Regarding distribution, constant booster doses will not necessarily mean greater protection, Espinal indicated, referring to a preliminary study carried out in Israel, the first country to apply a second booster dose, which determined that citizens inoculated for the fourth time did not obtain greater protection than those who had a third dose and the expert does point out that reinforcements will be necessary in the future “with an annual vaccination.”

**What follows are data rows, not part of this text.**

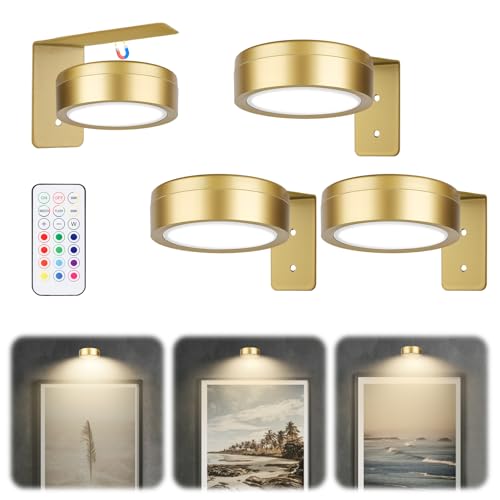 Ujjdwiurgh Battery Operated Dimmable LED Picture Lights Art Display Light 13 Lighting Modes for Paintings Spotlights Gold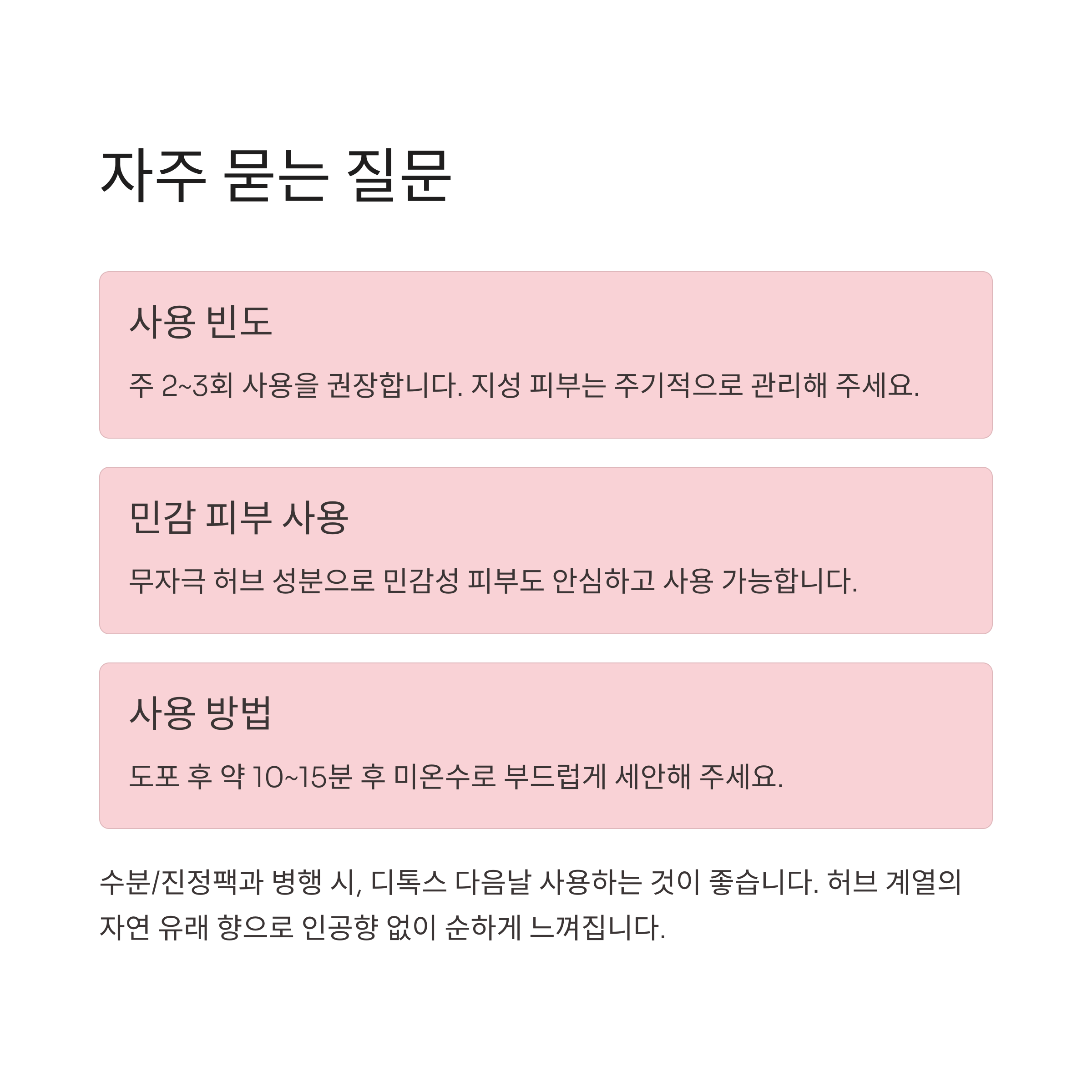 허브 계열의 자연 유래 향으로 인공향 없이 순하게 느껴져요.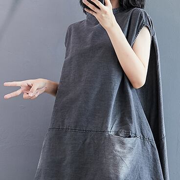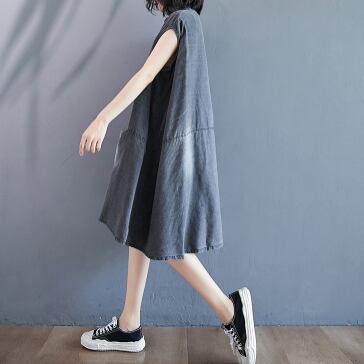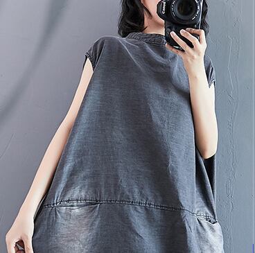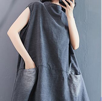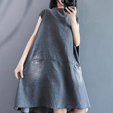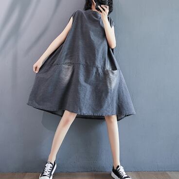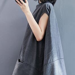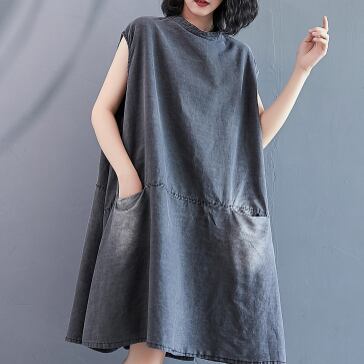 ゆったりとしシルエットが大人可愛いデニムノースリーブワンピース♪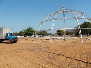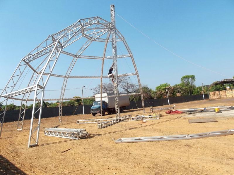 A estrutura já esta sendo montada e a perspectiva é que até a noite de sexta-feira esteja toda pronta.
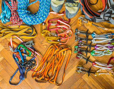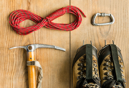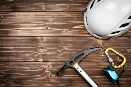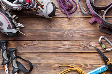 Climbing equipment on wooden background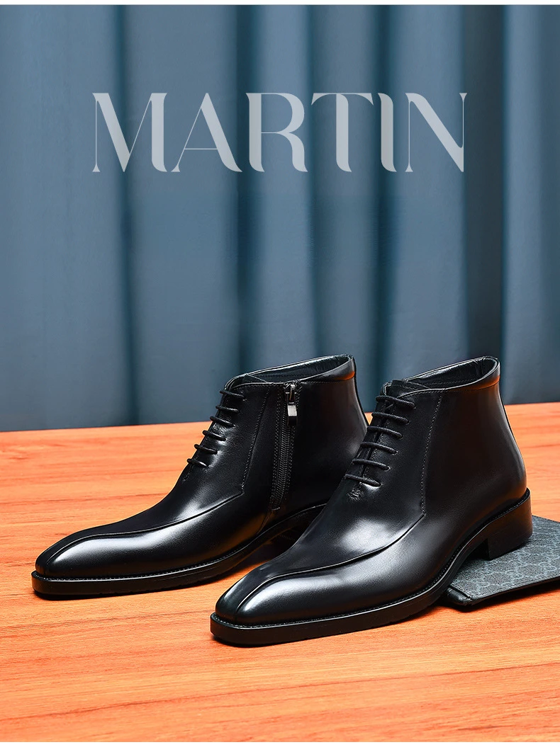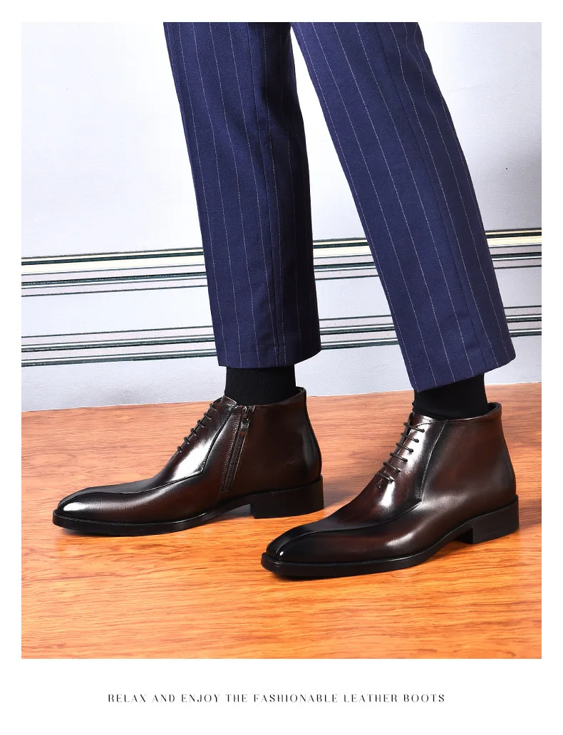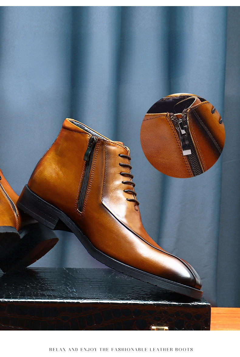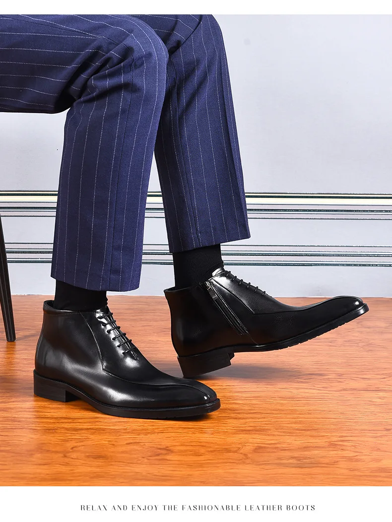 2025 Luxury British Trend Mens Boots Luxury Genuine Leather Autumn Man Business Social Ankle Boots Shoes with Side Zip Size 46

Another key point in the success of vaccination and the fight against the pandemic is the development of new drugs with broader protection against mutations, indicates Pérez. “Vaccines have to evolve (…) these vaccines that we have are very good, but they are vaccines that still need to break the chain of transmission, which is the most important point to stop the pandemic,” says the infectologist, who considers that these sera could begin to be ready in the coming months.
A new era of Covid-19?
However, the challenges do not end. For Espinal, even in the scenario of entering an endemic with controlled contagion peaks, what will mark progress will be public control of the disease. “The genomic surveillance of the virus is a very important point,” he points out, in the sense that health systems can quickly monitor and warn in the case of detecting more aggressive variants or new waves of existing mutations.
In addition to this, the director of the Global Health Consortium also warns that the world and global health systems now have the enormous challenge of recovering the advances that had been made in other diseases, such as measles or tuberculosis, which have become to rebound in the middle of two years of devoting all or almost all resources to defeating Covid-19.
Meanwhile, Ómicron continues to represent a great challenge for governments and health systems around the world, since as infections increase, so do hospitalizations, although to a lesser extent. For this reason, and although it is far from the start of the pandemic, experts continue to recommend social distance guidelines, at least until vaccination against Covid-19 is widespread and it has become an endemic disease.